*** DATASET RECORDS Section Begins ***

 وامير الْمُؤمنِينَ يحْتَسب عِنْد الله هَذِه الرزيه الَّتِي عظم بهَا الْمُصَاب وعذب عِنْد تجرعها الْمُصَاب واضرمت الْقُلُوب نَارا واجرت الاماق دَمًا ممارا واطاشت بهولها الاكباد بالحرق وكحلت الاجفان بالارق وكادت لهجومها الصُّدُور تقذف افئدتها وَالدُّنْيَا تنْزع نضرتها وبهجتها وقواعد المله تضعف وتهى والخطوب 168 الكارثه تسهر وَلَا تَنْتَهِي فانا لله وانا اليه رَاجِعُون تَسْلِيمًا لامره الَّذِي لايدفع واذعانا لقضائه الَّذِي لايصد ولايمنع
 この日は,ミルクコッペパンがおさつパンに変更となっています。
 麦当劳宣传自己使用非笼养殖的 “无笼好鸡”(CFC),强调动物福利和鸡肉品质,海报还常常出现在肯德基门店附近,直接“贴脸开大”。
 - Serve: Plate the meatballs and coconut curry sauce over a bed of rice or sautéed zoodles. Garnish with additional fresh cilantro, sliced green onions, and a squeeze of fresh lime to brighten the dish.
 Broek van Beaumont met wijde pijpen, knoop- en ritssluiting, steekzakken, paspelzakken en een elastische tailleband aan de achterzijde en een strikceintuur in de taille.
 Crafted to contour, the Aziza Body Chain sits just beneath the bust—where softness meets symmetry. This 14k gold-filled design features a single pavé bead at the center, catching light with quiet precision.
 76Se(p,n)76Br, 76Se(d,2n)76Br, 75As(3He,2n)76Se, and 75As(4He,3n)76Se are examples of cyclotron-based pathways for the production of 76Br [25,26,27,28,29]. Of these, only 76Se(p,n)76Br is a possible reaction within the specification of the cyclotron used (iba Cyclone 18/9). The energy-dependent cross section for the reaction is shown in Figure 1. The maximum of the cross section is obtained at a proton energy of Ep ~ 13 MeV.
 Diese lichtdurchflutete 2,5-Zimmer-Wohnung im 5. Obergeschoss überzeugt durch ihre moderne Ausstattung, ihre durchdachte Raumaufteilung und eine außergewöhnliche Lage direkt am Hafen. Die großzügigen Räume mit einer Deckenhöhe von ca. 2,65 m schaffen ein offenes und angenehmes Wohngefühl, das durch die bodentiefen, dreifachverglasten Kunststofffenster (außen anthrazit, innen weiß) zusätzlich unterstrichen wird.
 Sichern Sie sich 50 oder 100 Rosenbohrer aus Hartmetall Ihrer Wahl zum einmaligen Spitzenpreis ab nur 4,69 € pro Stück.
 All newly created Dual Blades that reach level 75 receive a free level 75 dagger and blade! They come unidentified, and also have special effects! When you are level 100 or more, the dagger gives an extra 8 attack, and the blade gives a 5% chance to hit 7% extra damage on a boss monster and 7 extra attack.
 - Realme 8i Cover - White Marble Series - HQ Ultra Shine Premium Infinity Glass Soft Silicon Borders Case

*** DATASET RECORDS Section Ends ***

YOUR GOAL: Look through the data above and return exactly the lines from the one that contains "Crafted to contour, the" to the one that contains "Sichern Sie sich", inclusive, with nothing else.

RESPONSE FOR THIS EXERCISE:
 Crafted to contour, the Aziza Body Chain sits just beneath the bust—where softness meets symmetry. This 14k gold-filled design features a single pavé bead at the center, catching light with quiet precision.
 76Se(p,n)76Br, 76Se(d,2n)76Br, 75As(3He,2n)76Se, and 75As(4He,3n)76Se are examples of cyclotron-based pathways for the production of 76Br [25,26,27,28,29]. Of these, only 76Se(p,n)76Br is a possible reaction within the specification of the cyclotron used (iba Cyclone 18/9). The energy-dependent cross section for the reaction is shown in Figure 1. The maximum of the cross section is obtained at a proton energy of Ep ~ 13 MeV.
 Diese lichtdurchflutete 2,5-Zimmer-Wohnung im 5. Obergeschoss überzeugt durch ihre moderne Ausstattung, ihre durchdachte Raumaufteilung und eine außergewöhnliche Lage direkt am Hafen. Die großzügigen Räume mit einer Deckenhöhe von ca. 2,65 m schaffen ein offenes und angenehmes Wohngefühl, das durch die bodentiefen, dreifachverglasten Kunststofffenster (außen anthrazit, innen weiß) zusätzlich unterstrichen wird.
 Sichern Sie sich 50 oder 100 Rosenbohrer aus Hartmetall Ihrer Wahl zum einmaligen Spitzenpreis ab nur 4,69 € pro Stück.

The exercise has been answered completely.